Где-то в середине процедуры в «бункер» явился довольный собой Димка. Он старательно потопал ногами за порогом, а в дверь вкатился спиной вперёд. Руки его были заняты большой, запотевшей до ручек, кастрюлей. Победно оглядевшись и громыхнув крышкой, Дима приземлил кастрюлю на пол:

– Вот! Компот!

И засмеялся. Волосы на голове его стояли дыбом. И было видно, что мылся он второпях: за ушами вода проложила только мокрые дорожки. Но это Стас заметил потом, а сейчас он обрадовался другу, как маленькой передышке. Потому что всё время боролся с желанием схватить руку профессора и придержать её немного.

Но Казимир Степанович, не отрываясь от дела, посмотрел через плечо:

– Опять будем дохлые витамины пить.

– Опять! – бесшабашно кивнул Димка и «козликом» выскочил за чашками.

Кроме чашек он принёс редиски и лука – свеженьких, прямо с грядки – и несколько сваренных вкрутую яиц. Да ещё мисочку со щедро политыми сметаной и мёдом варениками.

Профессор, занятый Стаськой, объяснил Диме, где в холодильнике лежит его колбаса, и спустя минуту с облегчением вздохнул:

– Ну, всё, орёл, – готов!

Невозможно передать, как благодарен был ему Стас, что обошлось без зелёнки и йода. Как благодарен!

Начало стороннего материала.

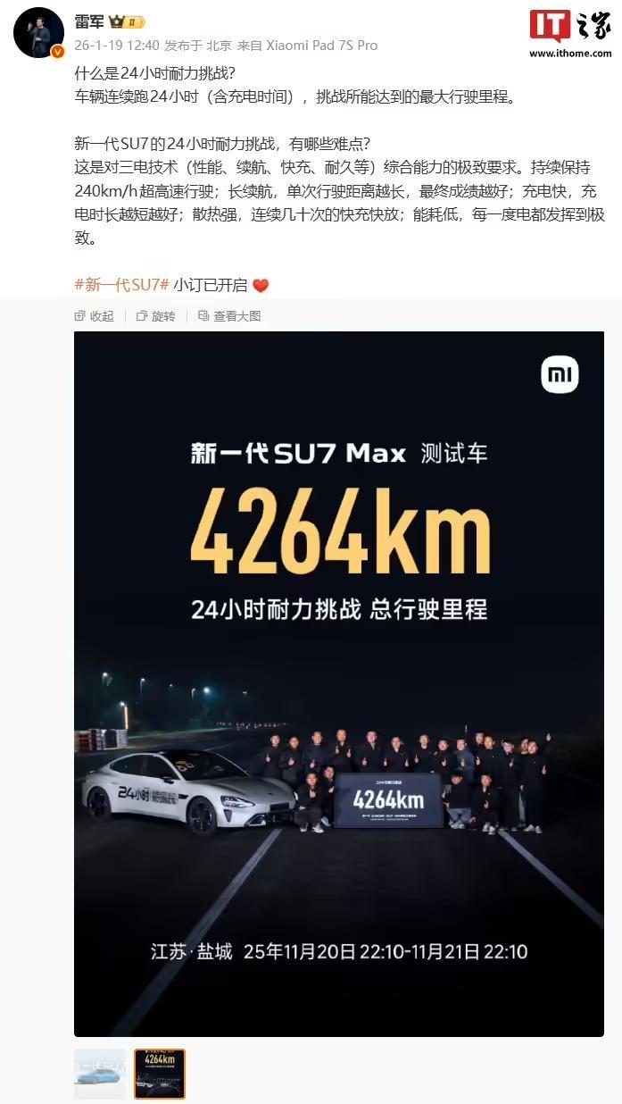 据IT之家此前报道,雷军曾在本月早些时候简单介绍了这次 24 小时耐力挑战:车辆连续跑 24 小时(含充电时间),挑战所能达到的最大行驶里程。针对新一代 SU7 的 24 小时耐力挑战有哪些难点,雷军也作出解释:

Димка вернулся счастливый, словно охотник с большой добычей. Кроме колбасы и хлеба он принёс ещё банку шпрот:

– Это из бабушкиных запасов.

– А она не заругает? – спросил, как ребёнок, Казимир Степанович.

– Не-а. Она ж говорит, что для хороших людей ей ничё не жалко. А мы чё, плохие?

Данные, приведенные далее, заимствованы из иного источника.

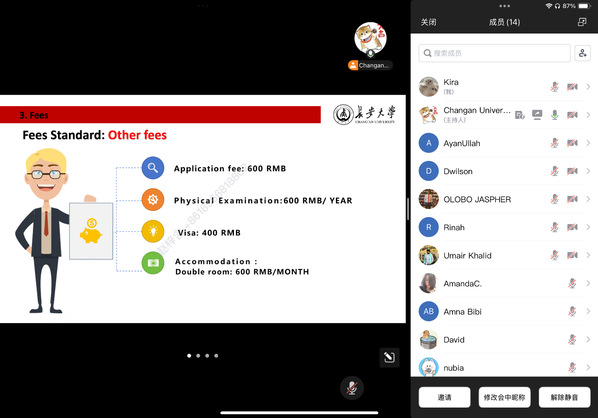 北校区专场于23日下午在鸿远楼WH1101教室率先举行,吸引了大量校内国际学生的关注。南校区专场于26日下午在国际教育学院多功能厅举办,并通过腾讯会议平台实时直播,确保了因地域限制无法亲临现场的海外学子也能同步参与、互动交流。

– Если бабушка будет ругаться, ты мне скажи, мы ей вернём.

– Да не будет она! – вмешалась Дина, хрумкая редиской. – Открывайте! Она вчера глянула буфет и бурчала, что покупает еду про запас – места уж нет. Привычка у неё дурацкая.

– Это привычка не дурацкая – это привычка людей, переживших войну и голод. Они потом долго, иногда всю жизнь, не могут привыкнуть, что всё можно купить. Вот и запасаются, – объяснял профессор, нарезая ровными ломтями колбасу и хлеб.

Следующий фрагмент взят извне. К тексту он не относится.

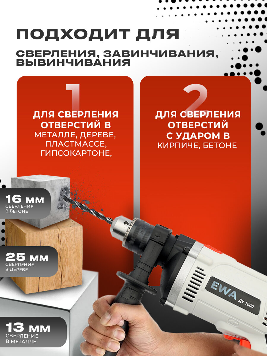 Электрическая дрель EWA ДУ 1000 – это не только мощный инструмент для профессионалов, но и отличное решение для любителей DIY-проектов. Благодаря реверсивному режиму вы сможете не только сверлить, но и откручивать крепежи, что делает ее особенно универсальным инструментом для любой мастерской.
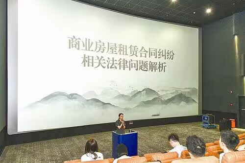 6月9日,重庆市渝中区人民法院开展“送法进商圈”普法宣传活动。为满足更多企业员工及商户代表的现场参与意愿,令听众获得更好的沉浸式普法体验感,特选定在商圈一影院放映厅内进行。图为普法宣讲现场。
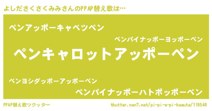 | 料理風あだ名 | 『よしださくさくみみのカルパッチョ風』 |
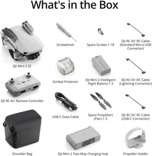 - DJI Mini 2 SE Fly More Combo - Includes everything from the standard version as well as two additional Intelligent Flight Batteries, a Shoulder Bag, and more for extended flight and more convenience;
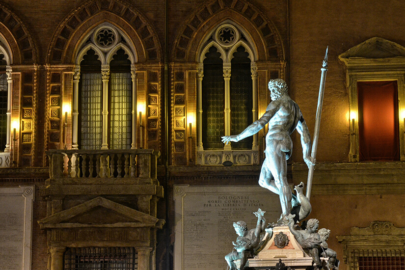 Auf der Piazza Nettunno, einem Platz mitten im Zentrum von Bologna, könnt ihr den legendären Neptunbrunnen bestaunen. Umgeben von Sirenen, Nymphen und Delfinen, präsentiert sich der Meeresgott Neptun hier in Bronze und einer Größe von über drei Metern. Aufgrund seiner Größe wird er von den Lokalen daher liebevoll „Il Gigante“ (der Riese) genannt.
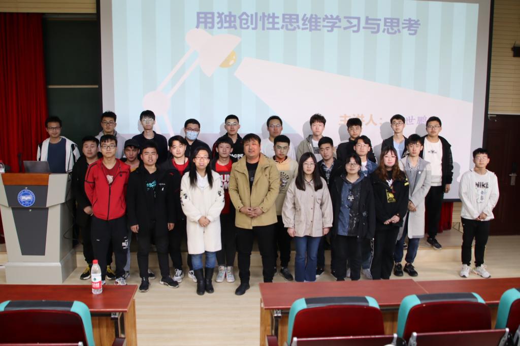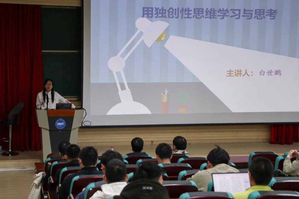 2021年4月17日下午14:30,PA集团官网2010届毕业生员工白世鹏在东校区第四教学楼109室开展主题为“用独创性思维思考与学习”的讲座,PA集团官网团委书记杨春婧、车辆工程系教授邸立明出席,公司本研员工参加。

Стасик тут же вспомнил свою бабушку. Та все цены – что на одежду, что на билеты в самолёт – переводила на какие-то старые деньги и прикидывала, сколько можно купить на них продуктов.

А Казимир Степанович соорудил первый бутерброд и протянул его Стасу со словами:

– Ты вёл себя как мужчина.

Стаське стало жарко от похвалы, и он спросил первое, что пришло в голову:

– А вы, правда – профессор?

– Самый взаправдашний, как Дед Мороз.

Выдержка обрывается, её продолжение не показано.